Замок - Кафка Франц
37
/…– Я знаю, – сказала вдруг Фрида, – уйди я от тебя, тебе было бы только лучше. Но если вдруг мне придется уйти, это разобьет мне сердце. И все же, будь такое возможно, я бы так и сделала, однако оно невозможно (и я рада, что невозможно), по крайней мере здесь, в деревне, невозможно. Как невозможно и помощникам от тебя уйти. Напрасно ты надеешься, будто навсегда их выгнал!
– Вот уж на это я, безусловно, надеюсь, – заметил К., сочтя за благо прочих рассуждений Фриды не касаться, какая-то неуверенность мешала ему, слишком грустно, с каждым днем все грустнее становилось ему смотреть на эти тщедушные плечи, на эти слабые руки, натужно вращавшие сейчас ручку кофейной мельницы, зажатой между острых, худых коленей. – Помощники больше не вернутся. Про какие это невозможности ты там толкуешь?
Фрида прекратила работу и смотрела на К. долгим, затуманенным от слез взглядом.
– Милый, – сказала она, – только пойми меня правильно. Не мною так установлено, я просто объясняю тебе все как есть, когда ты этого требуешь, а еще потому, что иногда мне так легче оправдать свое поведение, которое иначе покажется тебе непонятным да и с моей любовью к тебе несовместимым. Ты ведь чужак, поэтому ни на что здесь притязать не вправе, может, к чужакам у нас вообще чересчур строго и несправедливо относятся, не знаю, знаю только, что ты ни на что притязать не вправе, так уж заведено. У нас если ты здешний и тебе помощники нужны, ты их просто берешь, и все; а если ты уже взрослый и жениться надумал, то просто берешь женщину в жены. Власти и тут, конечно, имеют большое влияние, но в главных вещах все-таки каждый волен решать за себя сам. Ты же, как чужак, зависишь от их милостей, угодно власти дать тебе помощников – даст помощников, угодно дать жену – даст жену. И это, конечно, никакой не произвол, просто исключительно и только прихоть властей, а значит, причины тех или иных их решений навсегда остаются скрыты. Вероятно, ты можешь их милостям сопротивляться, хотя не знаю, да нет, наверно, даже наверняка можешь сопротивляться; но если ты какую милость принял, тогда и на ней, и, следовательно, на тебе лежит бремя вверенной властями ответственности, и снято с тебя это бремя может быть тоже лишь по воле властей, только так, и никак иначе. Это все мне хозяйка растолковала, так и сказала, мол, перед тем как ты замуж выйдешь, я обязана тебе кое на что глаза раскрыть. И особенно напирала, что все, кто в этом хоть что-то смыслит, всегда чужакам советуют с подобными милостями, если они их однажды приняли, смириться, потому как отделаться от них все равно не удастся, а единственное, чего такой строптивостью добиться можно, – это вместо дружески дарованной тебе милости нажить себе муку (врагов) и наказание на всю оставшуюся жизнь. Так хозяйка сказала, я только повторяю с ее слов, хозяйка, она все знает, и надо ей верить…/
38
/…И не кошка меня пугает, а моя нечистая совесть. И когда эта кошка на меня упала, у меня такое чувство было, будто меня кто в грудь ткнул: ага, мол, попалась, вот мы тебя и раскусили! Фрида опустила занавеску, закрыла внутреннюю раму и с мольбой в глазах увлекла К. на соломенный тюфяк.

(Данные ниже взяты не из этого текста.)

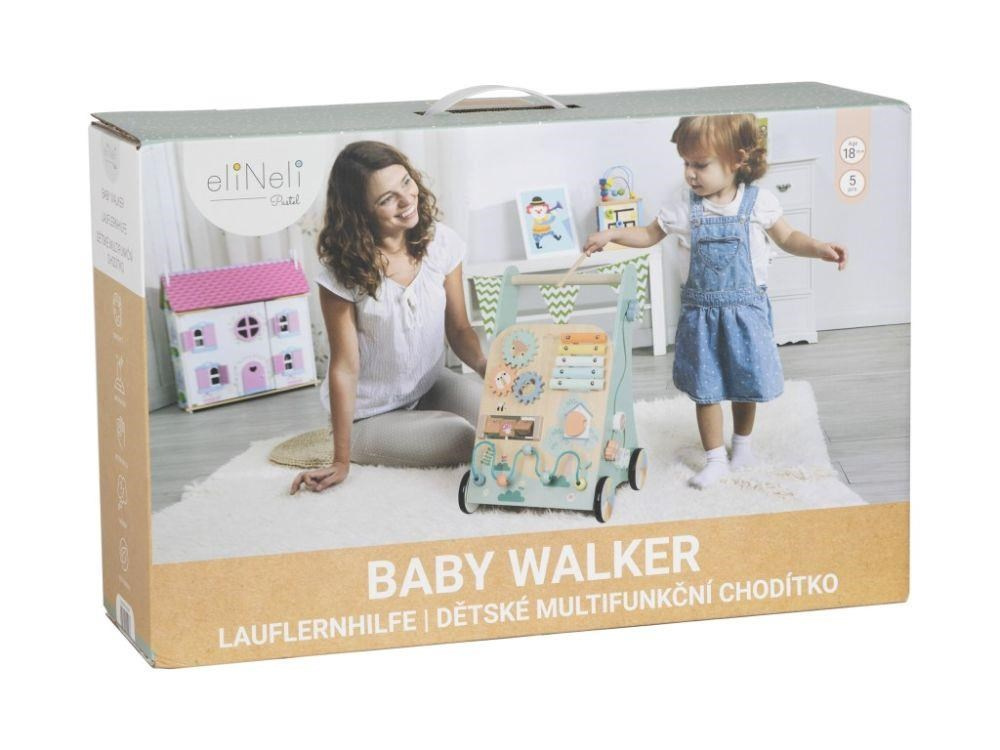 Krásne multifunkčné chodítko pre deti s xylofónom očarí každého svojim spracovaním, pastelovými farbami a množstvom možností na hru aj vzdelávanie. Chodítko pomôže deťom so samostatnou chôdzou, zabaví ich svojimi hracími prvkami, zdokonalí ich zručnosti. Bočné strany chodítka sú vkladačkou a dráhou s autíčkami, predná strana deťom ponúka farebné kolieska, korálky, dvierka na preskúmanie, i farebný xylofón.
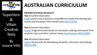 The document outlines a creative curriculum unit by S. Joanne Villis focused on superhero and villain themes for different year levels in Australian schools, incorporating media arts and English objectives. It includes lesson plans to engage students in character creation, drawing, storytelling, and utilizing technology to present their work. Additionally, it provides resources for teachers to enhance students' understanding of heroes and villains through various creative activities.
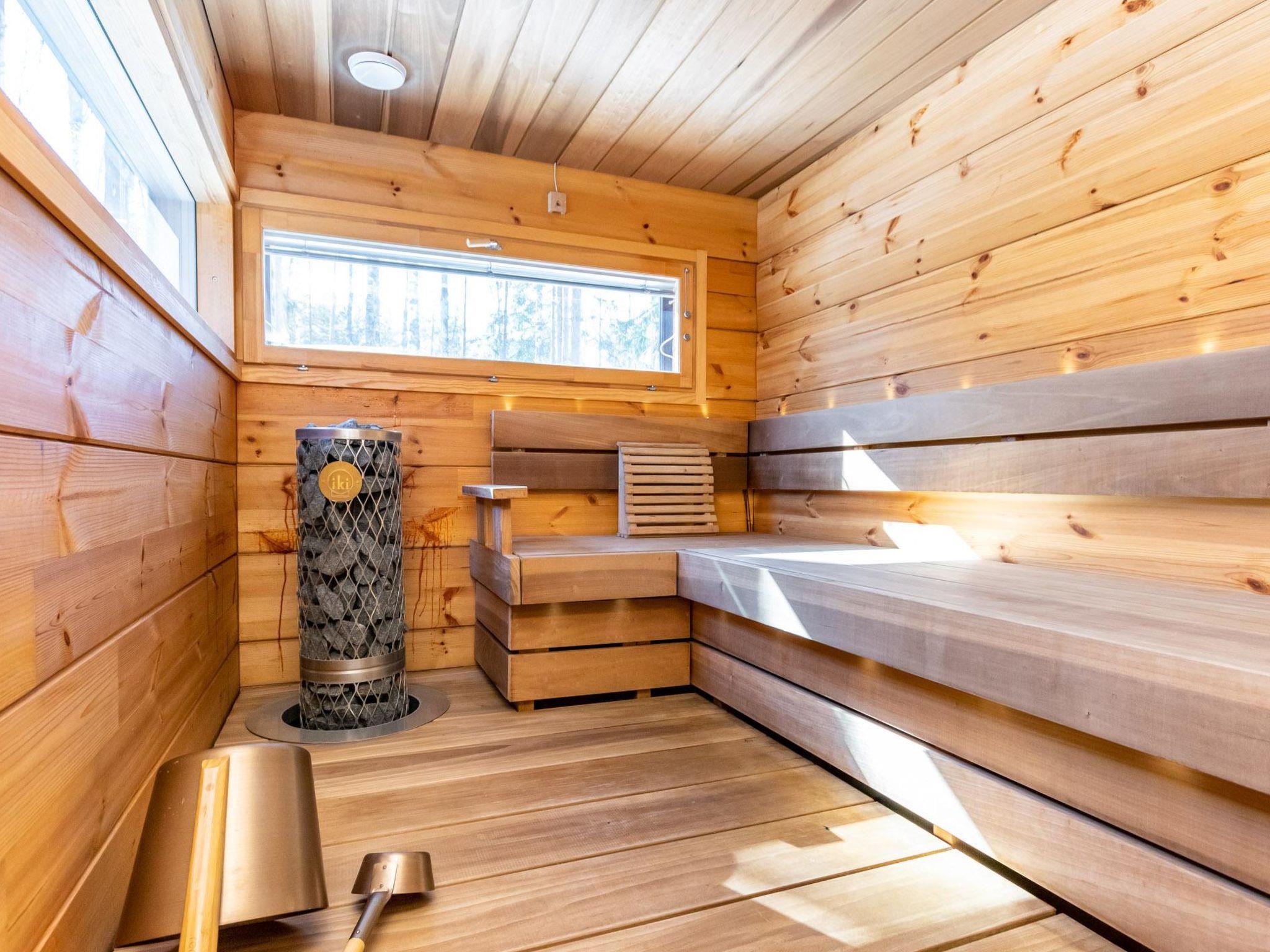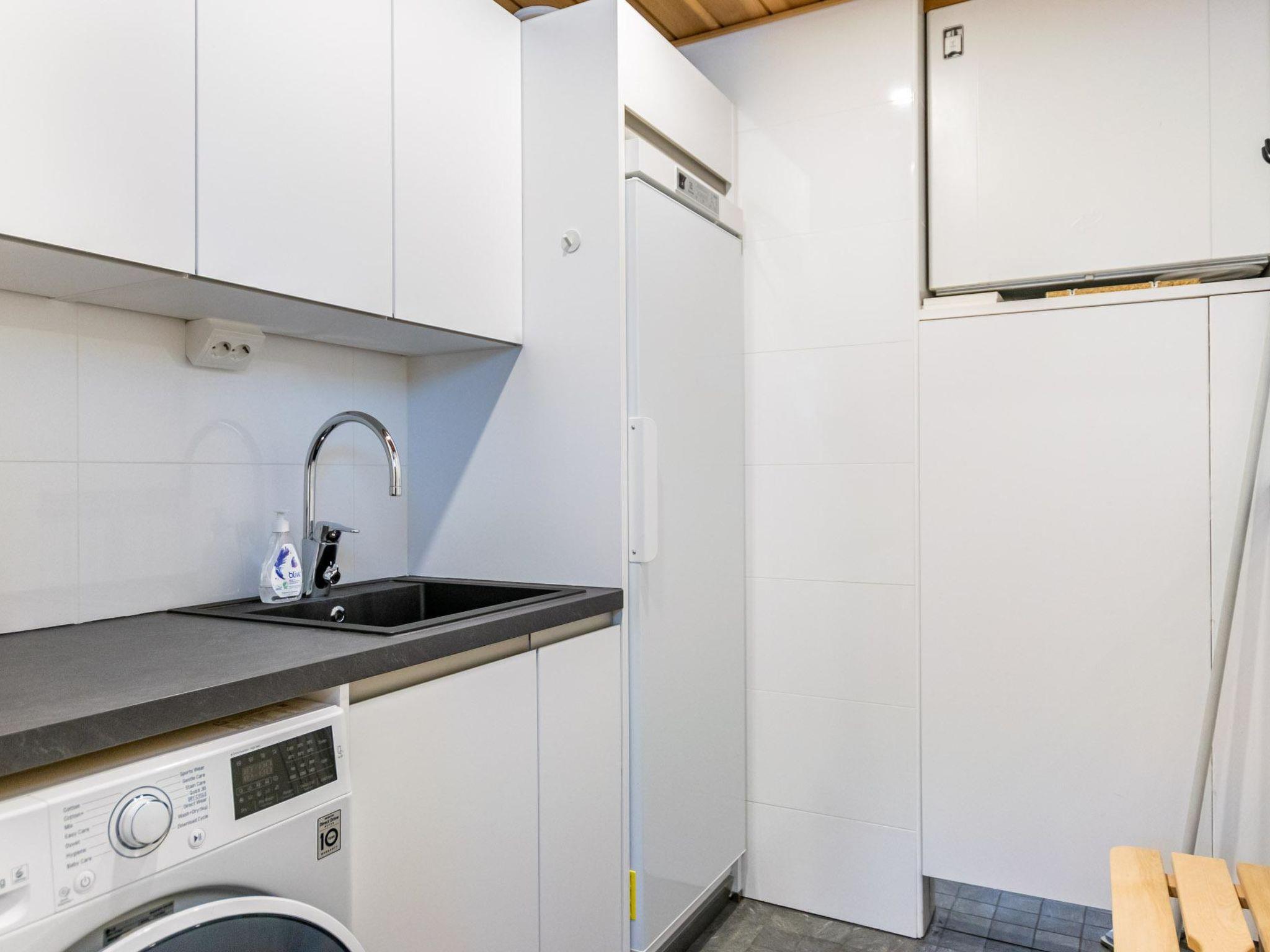 You can grill delicious food on the partially covered spacious terrace, the terrace is also well lit. You can enjoy your meals either on the peaceful terrace or at the generous concrete table inside. The kitchen, equipped for even the most demanding tastes, allows you to eat in the apartment if Vierumäki's renewable restaurant offer doesn't invite you over every night.
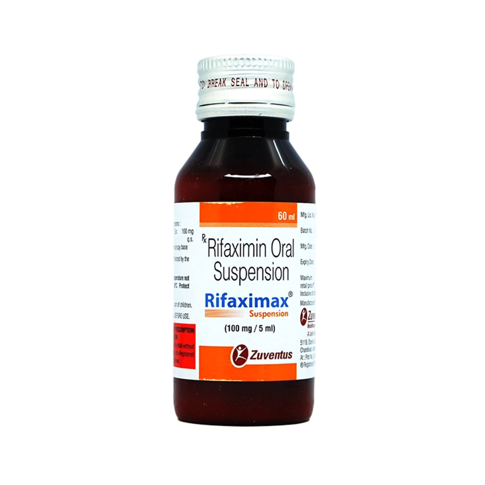 Rifaximax Suspension is an antibiotic medicine used to treat infectious diarrhea. It kills and stops the growth of harmful bacteria in the intestines. This way it helps to get rid of the bad bacteria causing the infection, which in turn reduces the diarrhea. Rifaximax Suspension can be used alone or in combination with other medicines. It may be taken with or without food, preferably at the same time each day. It should be used in the dose and duration as advised by the doctor. Take it at the same time each day to get the most benefit, and you should keep on taking this medicine for as long as you are prescribed. Stopping it early may make the infection come back and harder to treat.Some people may develop side effects like headache, constipation, fatigue, insomnia, dizziness, nausea, and chills. These side effects are usually temporary and go away during treatment as your body adjusts to the medicine. Consult your doctor if these side effects bother you or do not go away.Before starting treatment with this medicine, you should tell your doctor if you are pregnant, breastfeeding, or suffering from any liver, kidney, or heart problems, or if you are allergic to any medicine. Rifaximax Suspension is not effective in cases of travelers’ diarrhea. Use with caution in patients with severe hepatic impairment.
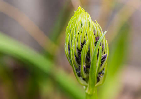 A macro shot of the flower bud emerging from a portuguese squill plant.
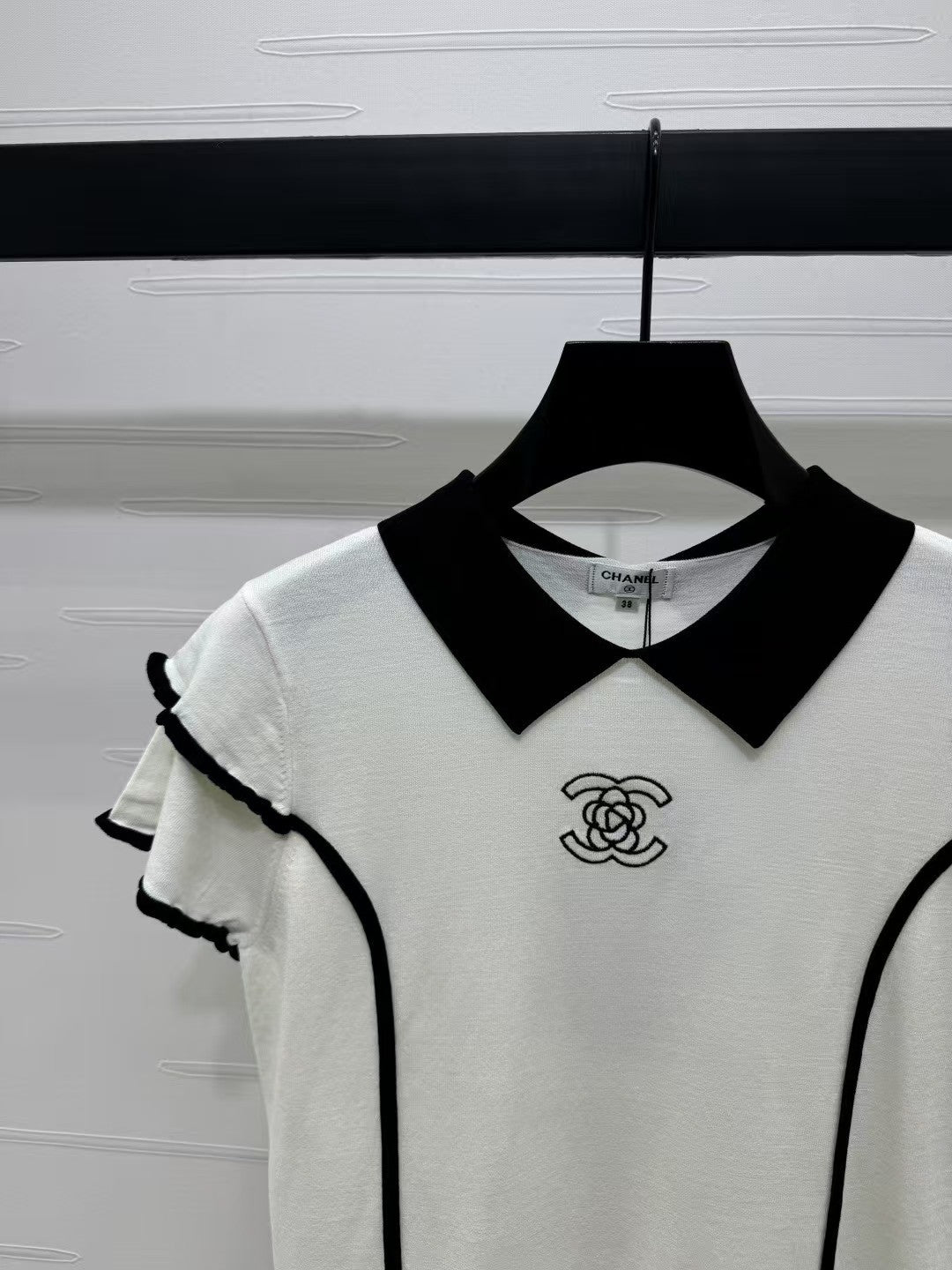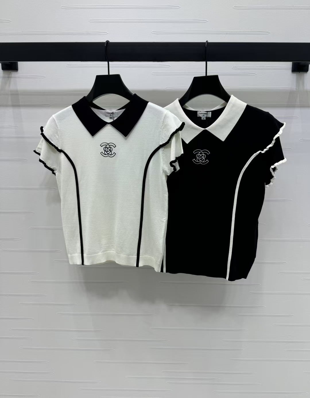 The latest series of 2025 spring and summer! Lace lapel knitted short sleeves! Custom imported yarn weaving, soft and skin-friendly, delicate texture, lapel knitted short sleeves, cuffs use contrasting wood ear lace texture short sleeves, with contrasting colors on the collar and hem to form a multi-level collision, letter logo decoration on the chest, strong retro style, regular version highlights the figure, easy to control for daily travel or parties!
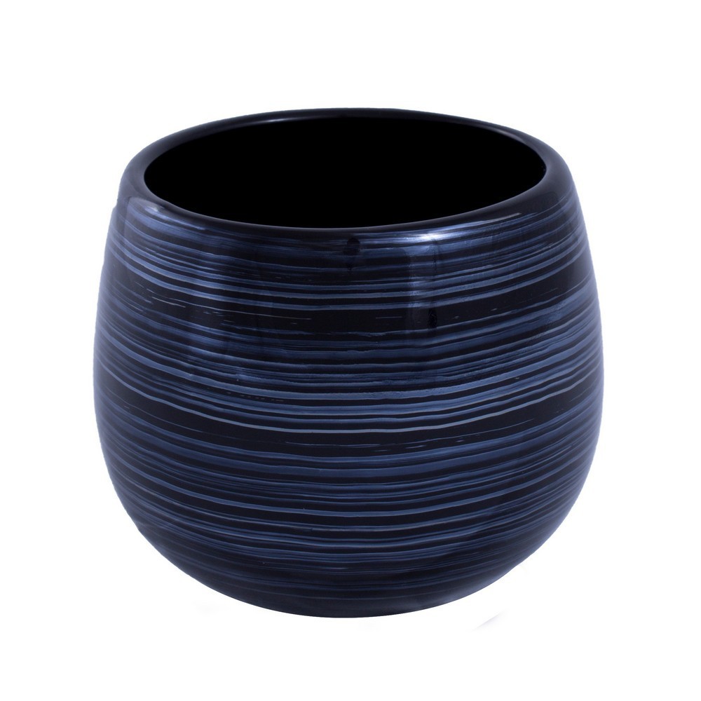 Elegantný a štýlový hrnček zo série ABISSO. Na čiernom plášti sú vodorovné, nepravidelné šedé kruhy.
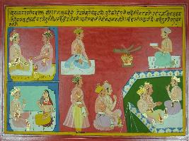 | Description / विवरण | Miniature painting based on Mahabharat - Udyam parva. It depicts that Vidur is telling Dhritrashtra that you have lot of money to buy weapons then king says that you are talking absolutely right but Duryodhan is not faithful. Its like female is Lakshmi but one must not capture it. |
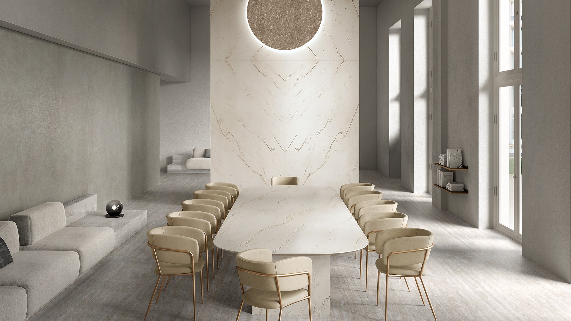 Etkileyici Doğal Görünüm: Calacatta mermerinden ilham alan eşsiz damar yapısı, mekanlara prestijli bir hava katar.
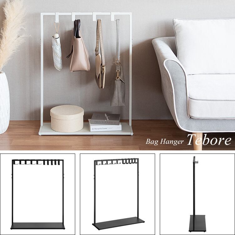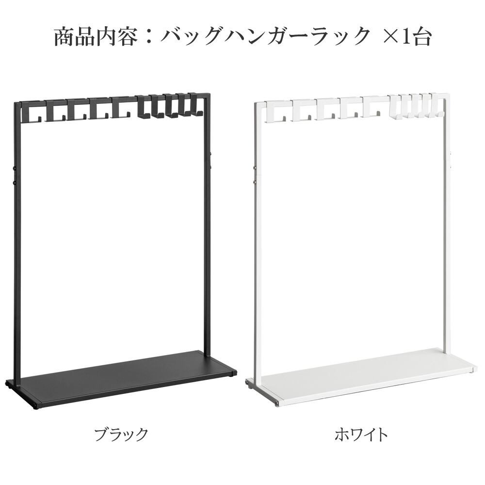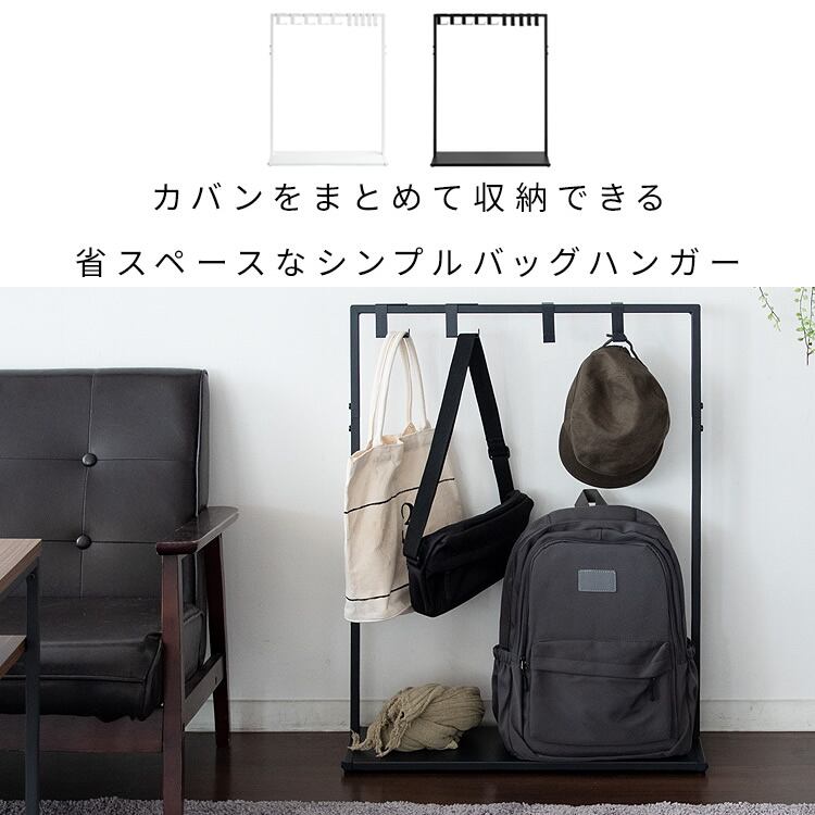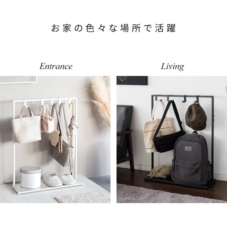 バッグハンガーラック 60cm幅 ブラック ホワイト 黒 白 ハンガーラック 下棚付き 玄関ハンガーラック 鞄掛けラック ランドセルラック キッズハンガーラック 棚付きハンガーラック 専用フック合計10本付き おすすめ おしゃれ 北欧 モダン スタイリッシュ アジャスター付き 鞄収納ラック リビング収納 玄関収納 子供部屋収納 スリム コンパクト 省スペース スチール製 鞄用ラック
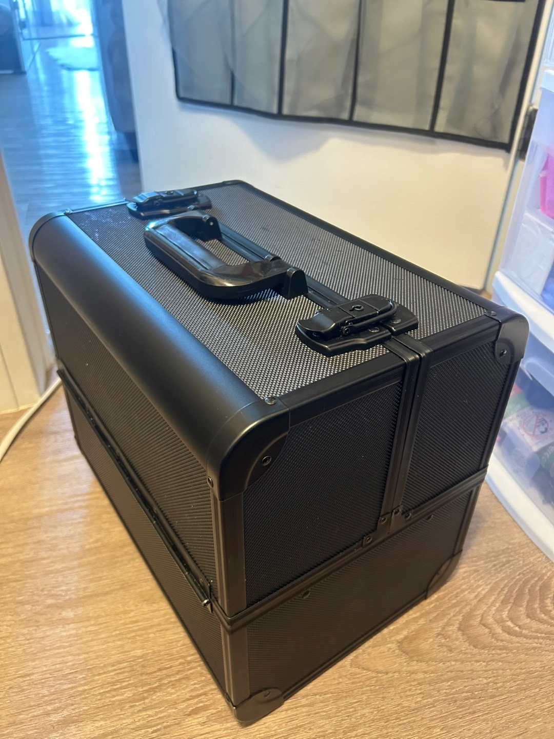 Selling a black makeup train case. It's in great condition and perfect for organizing all your beauty products! It features multiple trays and compartments to keep everything neat and tidy.
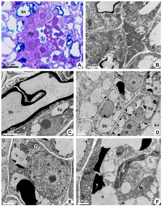 Secretory process in resin ducts of Kielmeyera appariciana Saddi. (A) Light microscopy. Bright field. (B–F) Transmission electron microscopy. (A,B,F) Transverse sections. (C–E) Longitudinal sections. (A,B) Mature ducts. (A) Epithelial cells in programmed cell death (PCD) evidenced by darkened cytoplasm (asterisk). (B) Degenerated protoplast of an epithelial cell (asterisk) in PCD. Note a living epithelial cell with a shrunken periclinal cell wall (arrow). (C–F) Epithelial cells during the secretory phase. Young ducts. (C) Epithelial cell with a voluminous nucleus and evident nucleolus. Note the sheath cell with a large vacuole containing phenolic compounds. (D,E) General view of epithelial cells. Note the presence of numerous elaioplasts and secretory vacuoles. (F) Epithelial cell with parietal endoplasmic reticulum, large elaioplast, mitochondria and secretory vacuoles (Ep = epithelium; ER = endoplasmic reticulum; Lu = lumen; Mi = mitochondrion; N = nucleus; P = elaioplast; Sh = sheath; V = vacuole).

И не кошку я тогда со свечой искала, а тебя хотела поскорей разбудить, потому как это помощнички, оба-два, меня напугали. Понимаешь, мне и этой дурной кошки не нужно, я и без нее от всякого шороха вздрагиваю. То боюсь, что ты вдруг проснешься, и тогда всему конец, а то сама вскакиваю, свечку зажигаю, чтобы ты поскорее проснулся и меня защитил.
– Так ведь они посланцы Кламма (выходит, он беспрестанно со мной говорит, а мне с ним и словечка сказать нельзя), – заметил К. и, притянув к себе Фриду, поцеловал в затылок, в ответ она вздрогнула всем телом и, поворачиваясь к нему, вскинулась так резко, что оба скатились на пол и там, задыхаясь от страсти, впились друг в друга в неистовом и пугливом соитии, словно каждый норовил в другого зарыться, словно истома, которой они упиваются, украдена у кого-то третьего, и кража уже раскрыта, и этот третий стоит тут же, рядом…
– Может, мне открыть дверь? – спросил К. – Побежишь к ним?
– Нет! – вскрикнула Фрида, вцепляясь ему в плечо. – Не хочу я к ним, я с тобой хочу остаться. Защити меня от них, удержи меня!
– Но если это и вправду посланцы Кламма, как ты их называешь, тогда тебе не помогут ни двери, ни моя защита, – сказал К – А даже если и помогут, хорошо ли это?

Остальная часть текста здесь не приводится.